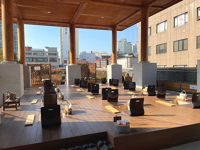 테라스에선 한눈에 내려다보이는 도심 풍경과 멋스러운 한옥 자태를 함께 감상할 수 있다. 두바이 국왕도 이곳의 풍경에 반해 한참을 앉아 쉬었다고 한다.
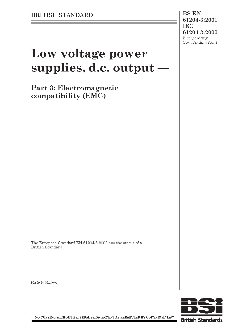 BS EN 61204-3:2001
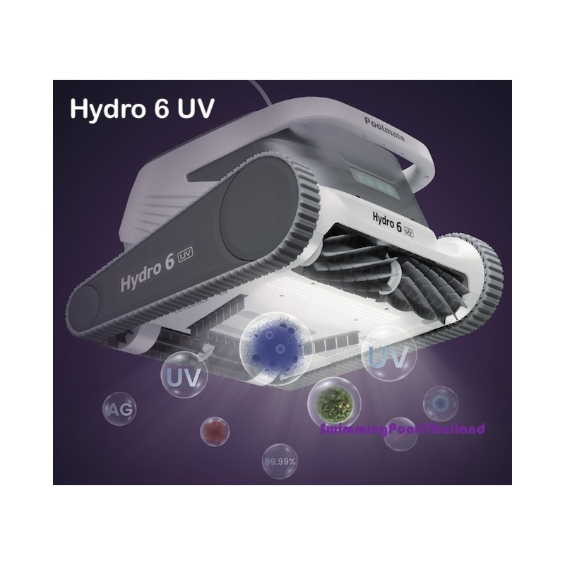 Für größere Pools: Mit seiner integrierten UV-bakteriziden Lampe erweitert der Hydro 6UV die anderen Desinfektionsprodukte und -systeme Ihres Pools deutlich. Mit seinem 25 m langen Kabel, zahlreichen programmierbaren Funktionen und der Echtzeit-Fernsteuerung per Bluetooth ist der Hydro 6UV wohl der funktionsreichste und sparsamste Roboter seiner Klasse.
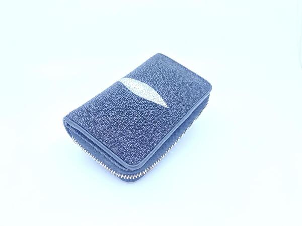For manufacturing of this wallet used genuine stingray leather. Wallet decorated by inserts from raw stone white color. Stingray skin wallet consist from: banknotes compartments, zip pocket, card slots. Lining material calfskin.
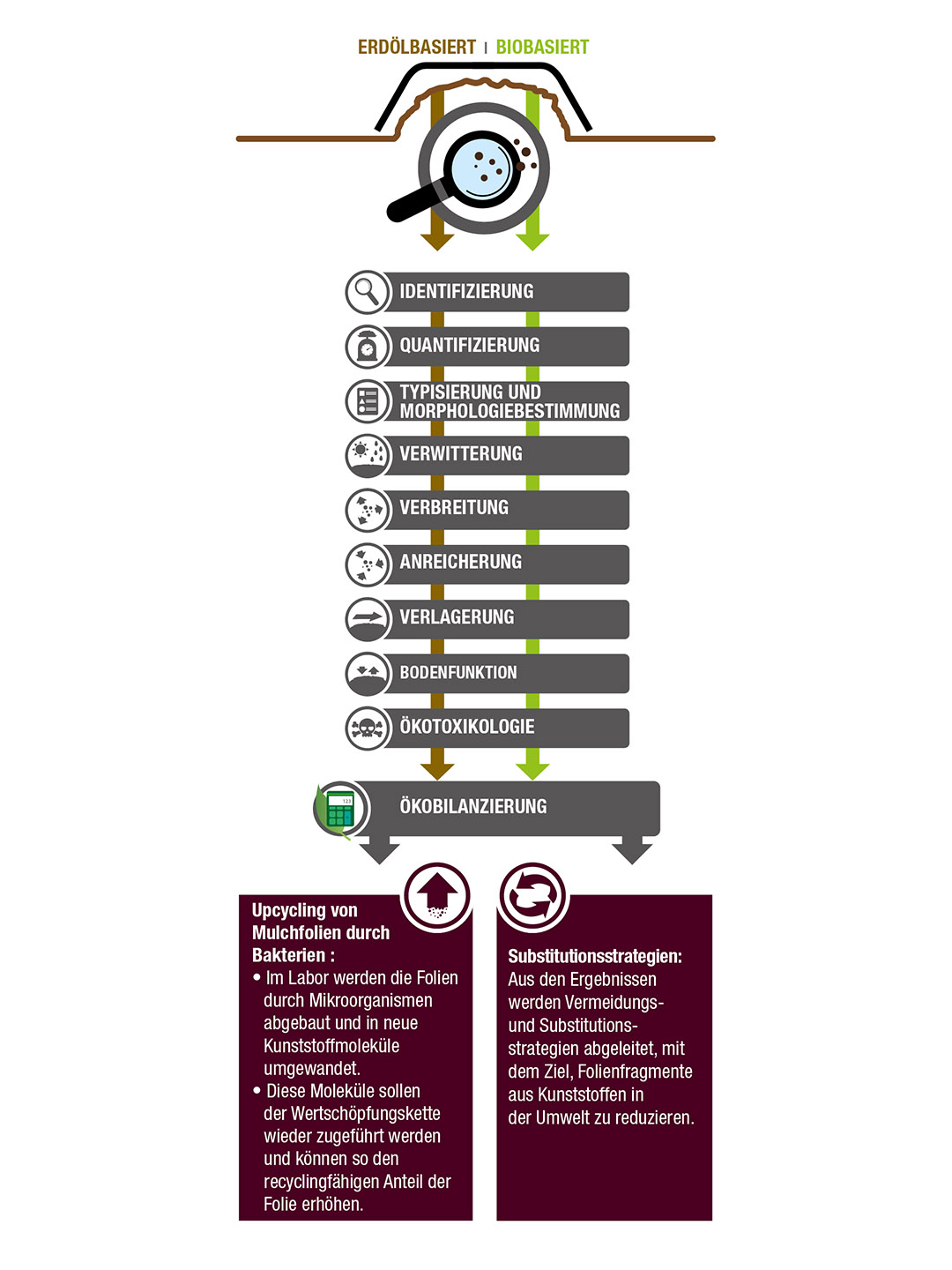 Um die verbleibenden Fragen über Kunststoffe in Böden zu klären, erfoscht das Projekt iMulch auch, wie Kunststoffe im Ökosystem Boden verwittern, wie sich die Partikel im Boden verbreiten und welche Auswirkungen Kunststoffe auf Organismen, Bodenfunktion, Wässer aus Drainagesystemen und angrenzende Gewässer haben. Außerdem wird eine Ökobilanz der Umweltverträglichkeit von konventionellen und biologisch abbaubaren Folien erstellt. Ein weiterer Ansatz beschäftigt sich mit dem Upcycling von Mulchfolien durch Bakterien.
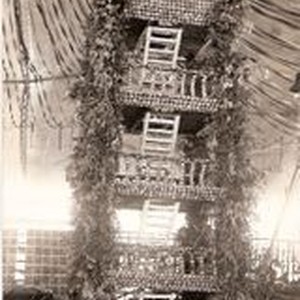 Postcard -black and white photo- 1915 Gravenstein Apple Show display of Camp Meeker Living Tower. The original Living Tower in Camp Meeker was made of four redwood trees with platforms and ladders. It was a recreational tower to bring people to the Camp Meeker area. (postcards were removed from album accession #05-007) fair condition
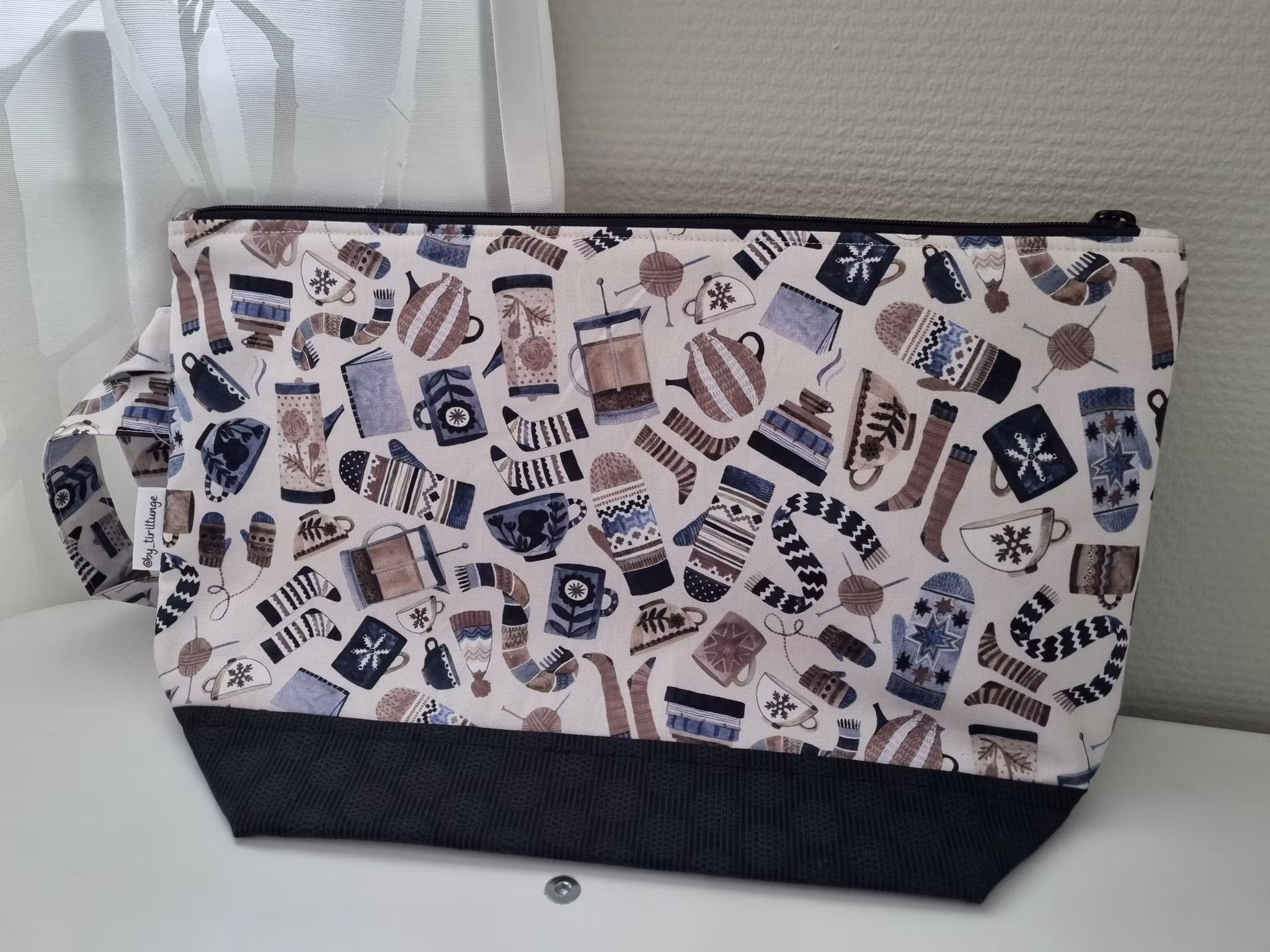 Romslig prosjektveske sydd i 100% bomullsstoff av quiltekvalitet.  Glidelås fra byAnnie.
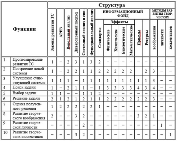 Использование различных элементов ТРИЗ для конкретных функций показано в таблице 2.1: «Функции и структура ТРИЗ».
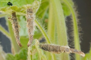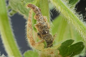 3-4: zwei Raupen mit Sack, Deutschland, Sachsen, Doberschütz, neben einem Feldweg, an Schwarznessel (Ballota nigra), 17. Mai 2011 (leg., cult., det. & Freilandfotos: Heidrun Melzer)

---*---

**Exercise aim**
The entries above need to be transcribed exactly, with the images left out.

**Solution to the exercise**
 테라스에선 한눈에 내려다보이는 도심 풍경과 멋스러운 한옥 자태를 함께 감상할 수 있다. 두바이 국왕도 이곳의 풍경에 반해 한참을 앉아 쉬었다고 한다.
 BS EN 61204-3:2001
 Für größere Pools: Mit seiner integrierten UV-bakteriziden Lampe erweitert der Hydro 6UV die anderen Desinfektionsprodukte und -systeme Ihres Pools deutlich. Mit seinem 25 m langen Kabel, zahlreichen programmierbaren Funktionen und der Echtzeit-Fernsteuerung per Bluetooth ist der Hydro 6UV wohl der funktionsreichste und sparsamste Roboter seiner Klasse.
For manufacturing of this wallet used genuine stingray leather. Wallet decorated by inserts from raw stone white color. Stingray skin wallet consist from: banknotes compartments, zip pocket, card slots. Lining material calfskin.
 Um die verbleibenden Fragen über Kunststoffe in Böden zu klären, erfoscht das Projekt iMulch auch, wie Kunststoffe im Ökosystem Boden verwittern, wie sich die Partikel im Boden verbreiten und welche Auswirkungen Kunststoffe auf Organismen, Bodenfunktion, Wässer aus Drainagesystemen und angrenzende Gewässer haben. Außerdem wird eine Ökobilanz der Umweltverträglichkeit von konventionellen und biologisch abbaubaren Folien erstellt. Ein weiterer Ansatz beschäftigt sich mit dem Upcycling von Mulchfolien durch Bakterien.
 Postcard -black and white photo- 1915 Gravenstein Apple Show display of Camp Meeker Living Tower. The original Living Tower in Camp Meeker was made of four redwood trees with platforms and ladders. It was a recreational tower to bring people to the Camp Meeker area. (postcards were removed from album accession #05-007) fair condition
 Romslig prosjektveske sydd i 100% bomullsstoff av quiltekvalitet.  Glidelås fra byAnnie.
 Использование различных элементов ТРИЗ для конкретных функций показано в таблице 2.1: «Функции и структура ТРИЗ».
 3-4: zwei Raupen mit Sack, Deutschland, Sachsen, Doberschütz, neben einem Feldweg, an Schwarznessel (Ballota nigra), 17. Mai 2011 (leg., cult., det. & Freilandfotos: Heidrun Melzer)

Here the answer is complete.